1st post (read: be nice): I am being offered a Ruger P90 45 caliber stainless for $425 or best offer. Owner claims less than 50 rounds have gone through the unit. Any opinions on this model and price?
Thanks in advance,
Mojowkng


----------



## BeefyBeefo

They're good guns and practically tanks. The price seems a little high to me, but I don't really know the going rate for those Rugers. A search on Gunbroker or other sites should tell you how good the price is. Good luck with whatever you decide.

Welcome to the forum.


----------



## mojowkng

*To buy or not to buy: Ruger P90 45 caliber*



BeefyBeefo said:


> They're good guns and practically tanks. The price seems a little high to me, but I don't really know the going rate for those Rugers. A search on Gunbroker or other sites should tell you how good the price is. Good luck with whatever you decide.
> 
> Welcome to the forum.


Thanks for the input and tip on gunbroker.


----------



## Blkhawk73

If it matters any, they're to be taken out of production for 2011.


----------



## Shipwreck

I am not a huge fan of Ruger P series sights and triggers.
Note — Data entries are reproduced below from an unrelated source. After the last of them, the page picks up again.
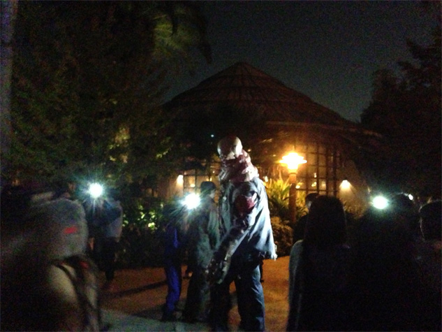 待っている間に道に突然現れたり、ライド系は(ジュラシックパークとジョーズ)は辺りが暗くなり、ポツンポツンと貞子がいます。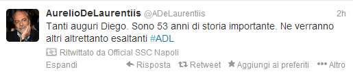 Anche Aurelio De Laurentiis si unisce al “coro” di auguri per Diego Armando Maradona. Dal proprio profilo twitter, il patron azzurro scrive: “Tanti auguri Diego. Sono 53 anni di storia importante. Ne verranno altri altrettanto esaltanti #ADL“.
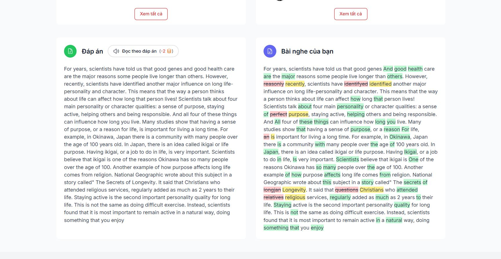 Có thể bạn sẽ nói :nó khác gì hình thức nghe chép ra giấy như mọi người hay làm. Nhưng mình khẳng định nó KHÁC, RẤT KHÁC nha. Khi bạn chép xong, muốn kiểm tra xem mình sai hay không bạn sẽ chọn "hiện ô sai" để biết mình sai ở đâu, hoặc không nghe được hết thì bạn chọn "xem từ cần điền" sẽ có 1 list các từ còn thiếu để bạn lựa chọn điền vào.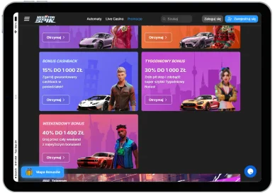 - Mapa Bonusów — dodatkowe atrakcje, które Need For Spin udostępnia w celu zachęcenia graczy do kontynuowania rozgrywki przez dłuższy czas w kasynie.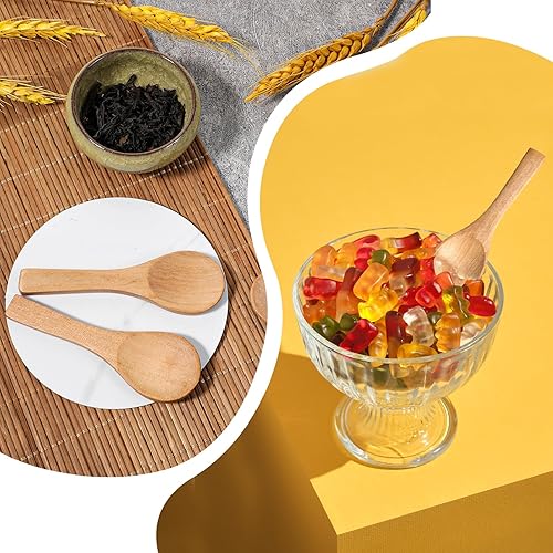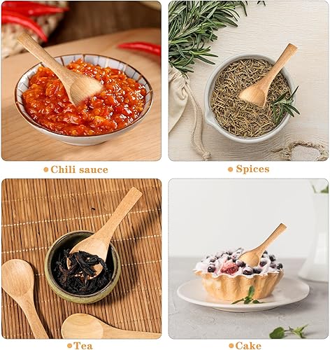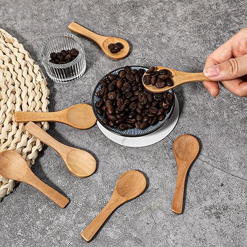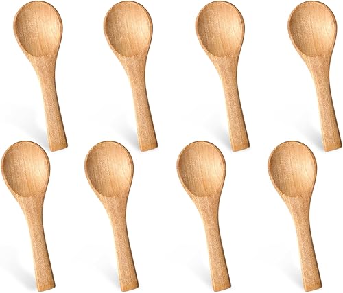 Lot de 8 petites cuillères en bois faites à la main - Petites cuillères en bois de 9,6 cm - Petites cuillères en bois pour verres, mini cuillères en bois - Petites cuillères pour pots à épices, sel,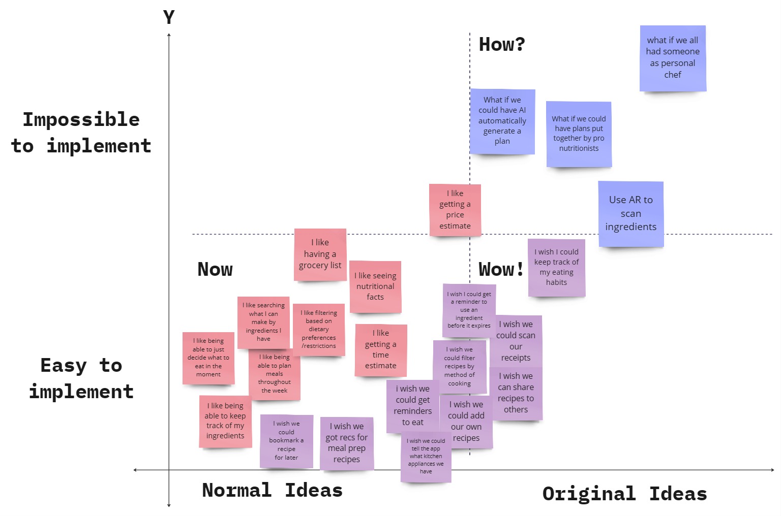 We began to vote on, define, and organize ideas for features based on their feasibility and originality.

But the gun is a well made design and is built like a tank, as stated above. Once again, that is a little high for a used RUger, even with only 50 rounds thru it.


----------



## EliWolfe

Shipwreck said:


> I am not a huge fan of Ruger P series sights and triggers. But the gun is a well made design and is built like a tank, as stated above. Once again, that is a little high for a used RUger, even with only 50 rounds thru it.
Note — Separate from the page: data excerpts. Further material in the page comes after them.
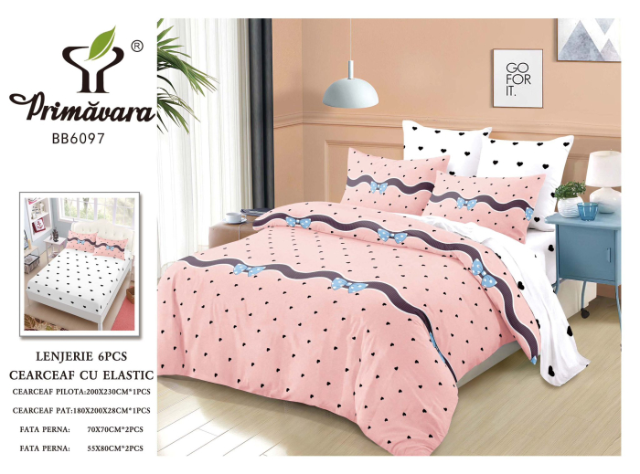 PRIMAVARA Lenjerii de pat Finet 6 piese cu Elastic, Roz cu buline si fundite-FEL405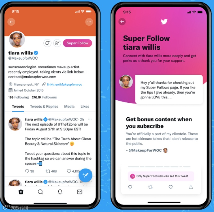 9月1日,Twitter推出“超级关注者”付费订阅功能,用户付费订阅某一“超级关注者”账号后,可以看到其特定的付费内容。对提升平台KOL收入和粘性、提升用户获取的内容质量都有所提升。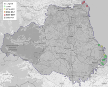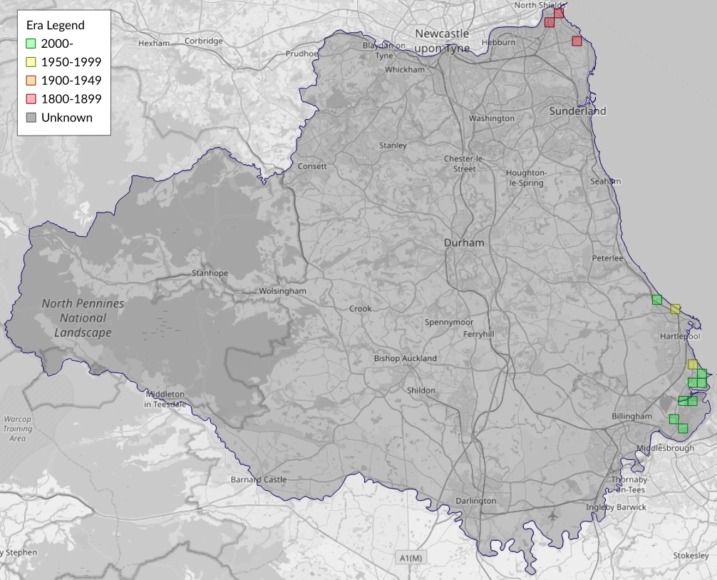 This map shows all records of Archer's Dart - Agrotis vestigialis in the Durham (VC66) database per monad (1km grid square). The map can be explored further by zooming and panning, can be reset using the button on the left, and can be filtered by selecting the era. Click on a monad to view a full list of species recorded in it, or its containing hexad (10km grid square).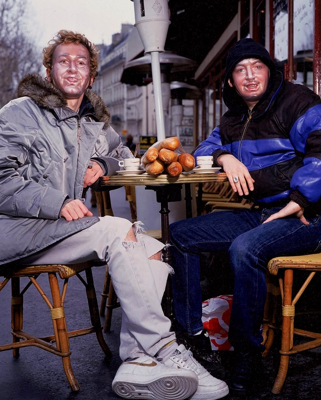 A ’90-es évek elején – jóval az ikonikus robotsisak előtt, amely végül meghatározta az imázsukat – Thomas Bangalter és Guy-Manuel de Homem-Christo még arcukat vállalva jelentek meg a médiában. A robotkultusz ekkor még sehol sem volt: helyette maszkolták, takargatták magukat mindenféle rögtönzött álarcokkal, egyszerűen azért, mert már akkor is kísérleteztek az inkognitóval. A cél világos volt: eltüntetni az ént, hogy a figyelem kizárólag a zenére összpontosuljon.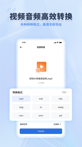 ●视频转换:可将MP4、M4V、MOV、AVI等多种视频格式任意转换。

Roger that on sights/trigger. Friend had an early one, a real clunker. But being Ruger, they seemed to have got the thing right now and I wouldn't mind a slightly "loose" .45 ACP that could double as a club if need be! Really, I like 'em fine at the right price.
Eli


----------



## k4swb

I've had 2 P90s. Sold the first KP90DC and bought a Glock 30. While I like the G30 just fine, I wished I had my P90 back so I bought another P90. The price sounds slightly high to me also but I'd probably go that high on a K (stainless)P90 DC (decock only). If you are comfortable taking the innards out, the trigger parts can be polished with Scotchbrite and it can be excellent.


----------